Since 2019, NCACH has helped train just over 100 recovery coaches. One training can have far-reaching ripple effects. Many of those who have received training through NCACH are employed to do recovery coach work for their communities at sites such as HopeSource, Family Health Centers, and Women’s Resource Center.  They are all part of the effort that includes advocating for people who are entering recovery, bringing Narcan vending machines to our region (with a location added in Omak — now the third such site in the region — at the end of March), and taking action to assist community members in order to promote and sustain their long-term recovery.

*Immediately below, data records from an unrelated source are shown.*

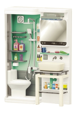 - Świecąca lampka nad umywalką + drobne akcesoria
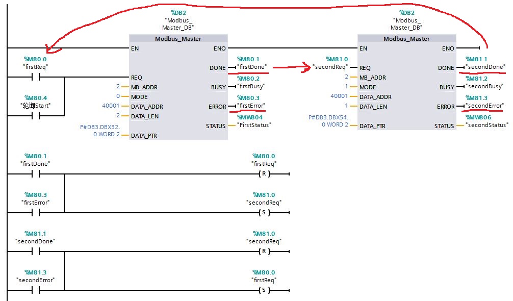 1.进入监控界面,调用一遍主站和从站的Modbus_Comm_Load指令,然后开始轮询
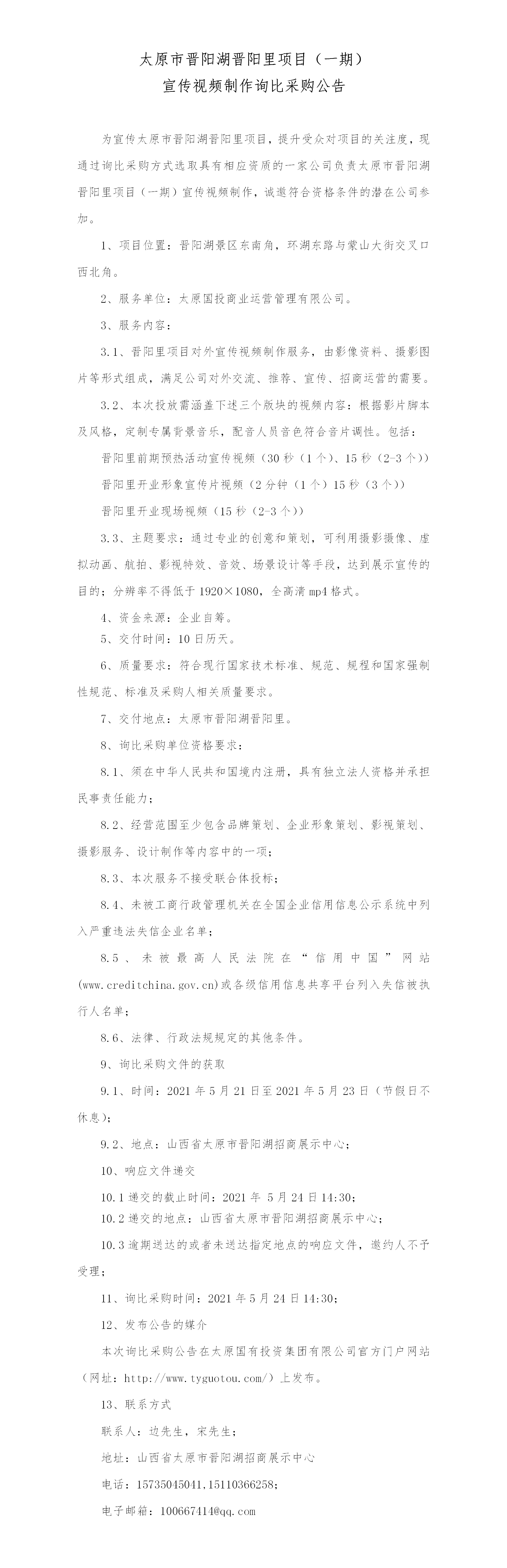 太原市晉陽湖晉陽里項目(一期)宣傳視頻制作公告

Recovery coaches are game-changers who assist others by providing mentorship, help others overcome obstacles, and offer key emotional supports.  The recovery coach model is self-directed and individualized, and workshops such as those being offered by NCACH helps those coaches further focus on how they view all of the pieces of what they do toward holistically supporting recovery and the person-centered path of each individual’s recovery.

Workshops that build connections such as this one between the region’s recovery coaches and the 211 system are an essential part of the ongoing outreach NCACH does with our entire network of partners to become better together in our mutual work, and to build better health for our communities.